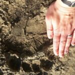 Netikėtas svečias Panevėžio rajone. Vos už kilometro nuo Ėriškių kaimo vietinis gyventojas aptiko rudojo lokio pėdsakus.
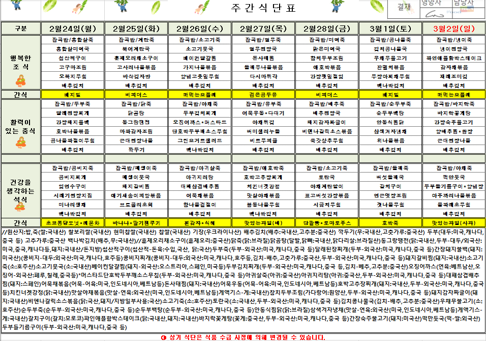 2¿ù 4ÁÖÂ÷ ½Ä´ÜÇ¥(2025.2.24~2025.3.2)
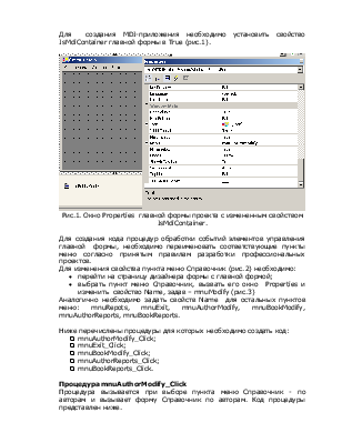 Для создания MDI-приложения необходимо установить свойство IsMdiContainer главной формы в True (рис.1).
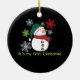 This image features a cheerful cartoon snowman wearing a Christmas hat and scarf, surrounded by colorful snowflakes against a black background. The bright green text at the bottom, "It's my first Christmas," celebrates a first Christmas moment, making it an adorable and festive design.
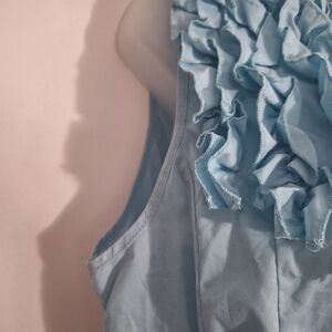 Chic sleeveless blouse with ruffled front. Elegant high neck design. Perfect for any occasion. Feminine, Dressy, Bridal, Wedding, Outings, Shopping, Dining, Night Out, Events, Cosplay
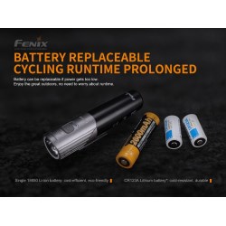 - Battery Power Source(1) 18650 Li-Ion Battery, (2) CR123A Lithium Batteries
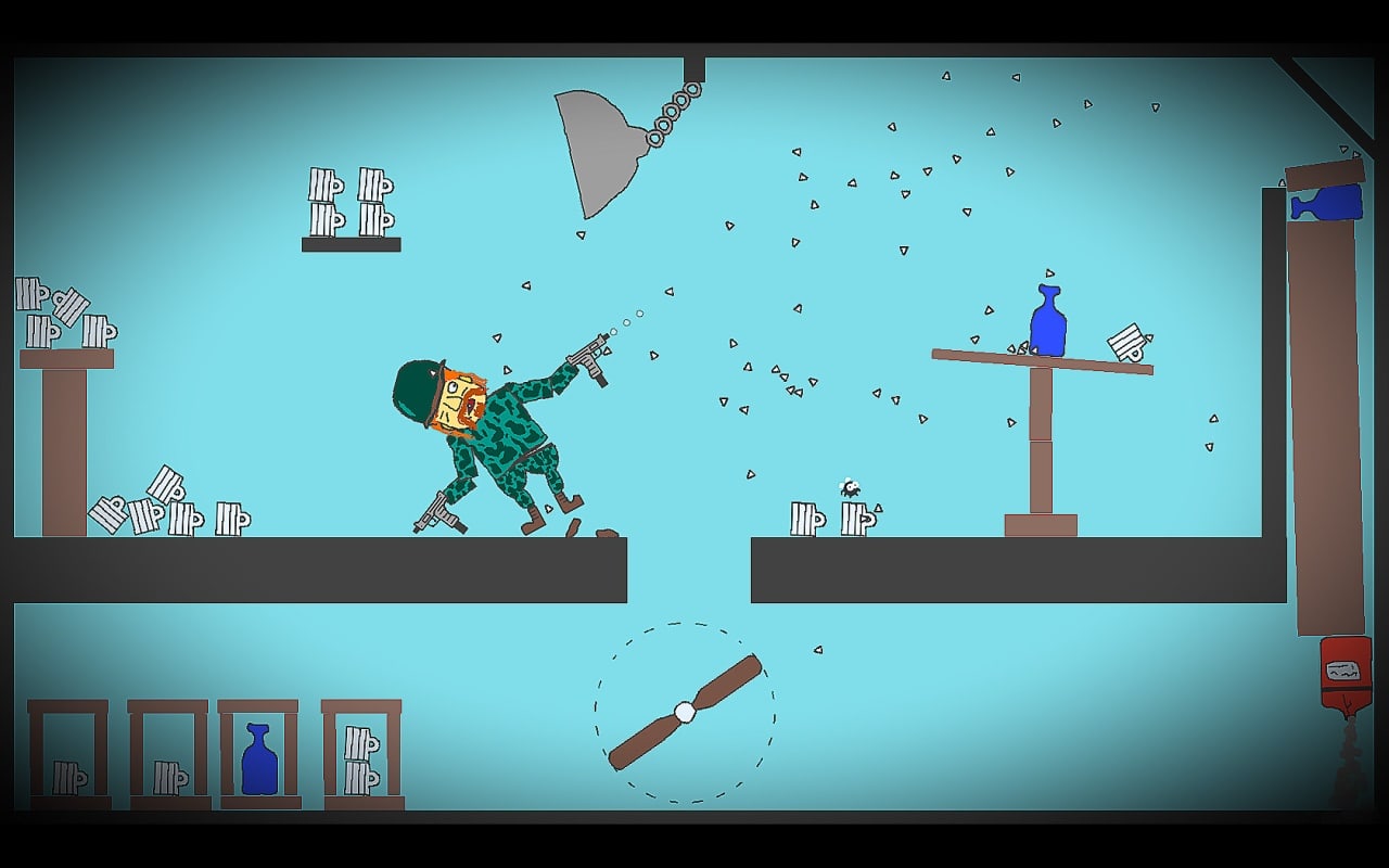 Приготовьтесь к захватывающему и уморительному игровому процессу, когда вы будете пытаться пройти каждый уровень, преодолевая все более сложные испытания и выполняя несколько впечатляющих трюков. Но будьте внимательны - каждый промах приводит к хаосу и разрушениям, поскольку пули летят рикошетом и не попадают в цель. Вы даже можете случайно выстрелить себе в ногу (в буквальном смысле)! Пусть вас не отпугивает сверхвысокий уровень сложности - благодаря быстрым перезагрузкам и веселому чувству юмора даже самые крупные неудачи заставят вас смеяться вслух. Так что берите оружие и приготовьтесь доказать свое мастерство в этой возмутительной пьяной стрелялке с элементами головоломки. Пришло время показать этим синим бутылкам, кто в доме хозяин!
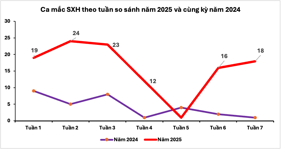 Trong 7 tuần đầu năm 2025 (đến hết ngày 16/02/2025), trên địa bàn quận Tân Bình đã ghi nhận 113 ca bệnh sốt xuất huyết, tăng 276,67% so với cùng kỳ năm 2024 (7 tuần đầu năm 2024 chỉ ghi nhận 30 ca bệnh).
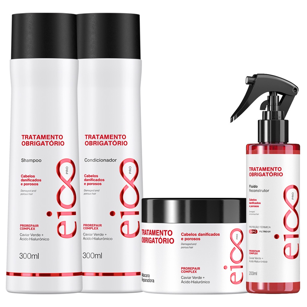 Eico Pro Tratamento Obrigatório Shampoo Sem Sal e Condicionador Leave-in + Máscara Tratamento + Fluído Protetor Térmico
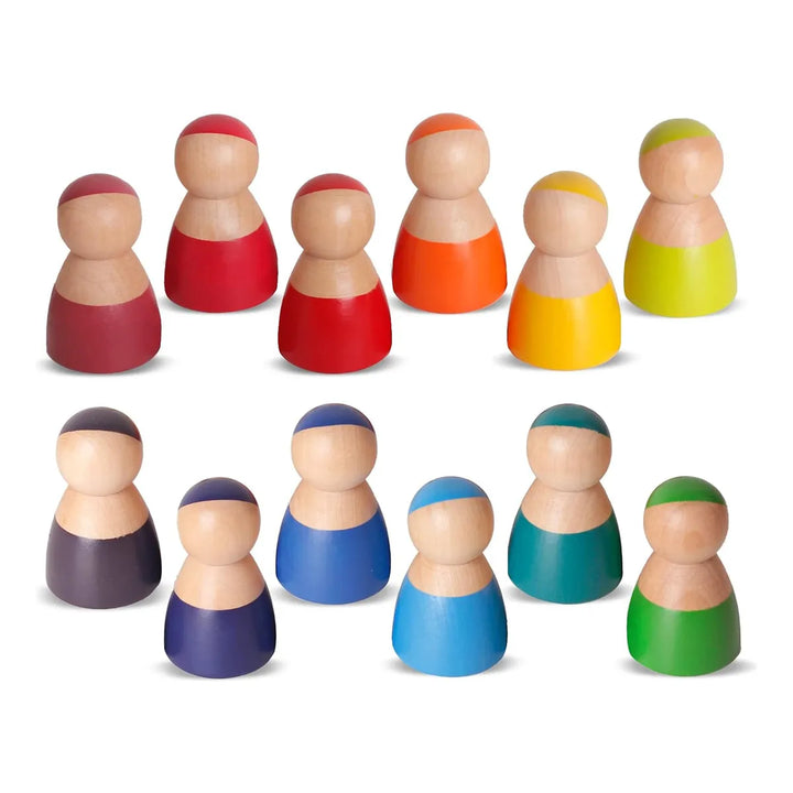 12 Muñecas De Madera Arcoíris Con Clavija Shierdu Juguete Educativo Creativo

• • • • • • •

§ About this task: Your task is to repeat exactly the lines from the beginning of the data to the line that contains "Приготовьтесь к захватывающему", both ends included, leaving out pictures.

§ Answer to the problem:
 Netikėtas svečias Panevėžio rajone. Vos už kilometro nuo Ėriškių kaimo vietinis gyventojas aptiko rudojo lokio pėdsakus.
 2¿ù 4ÁÖÂ÷ ½Ä´ÜÇ¥(2025.2.24~2025.3.2)
 Для создания MDI-приложения необходимо установить свойство IsMdiContainer главной формы в True (рис.1).
 This image features a cheerful cartoon snowman wearing a Christmas hat and scarf, surrounded by colorful snowflakes against a black background. The bright green text at the bottom, "It's my first Christmas," celebrates a first Christmas moment, making it an adorable and festive design.
 Chic sleeveless blouse with ruffled front. Elegant high neck design. Perfect for any occasion. Feminine, Dressy, Bridal, Wedding, Outings, Shopping, Dining, Night Out, Events, Cosplay
 - Battery Power Source(1) 18650 Li-Ion Battery, (2) CR123A Lithium Batteries
 Приготовьтесь к захватывающему и уморительному игровому процессу, когда вы будете пытаться пройти каждый уровень, преодолевая все более сложные испытания и выполняя несколько впечатляющих трюков. Но будьте внимательны - каждый промах приводит к хаосу и разрушениям, поскольку пули летят рикошетом и не попадают в цель. Вы даже можете случайно выстрелить себе в ногу (в буквальном смысле)! Пусть вас не отпугивает сверхвысокий уровень сложности - благодаря быстрым перезагрузкам и веселому чувству юмора даже самые крупные неудачи заставят вас смеяться вслух. Так что берите оружие и приготовьтесь доказать свое мастерство в этой возмутительной пьяной стрелялке с элементами головоломки. Пришло время показать этим синим бутылкам, кто в доме хозяин!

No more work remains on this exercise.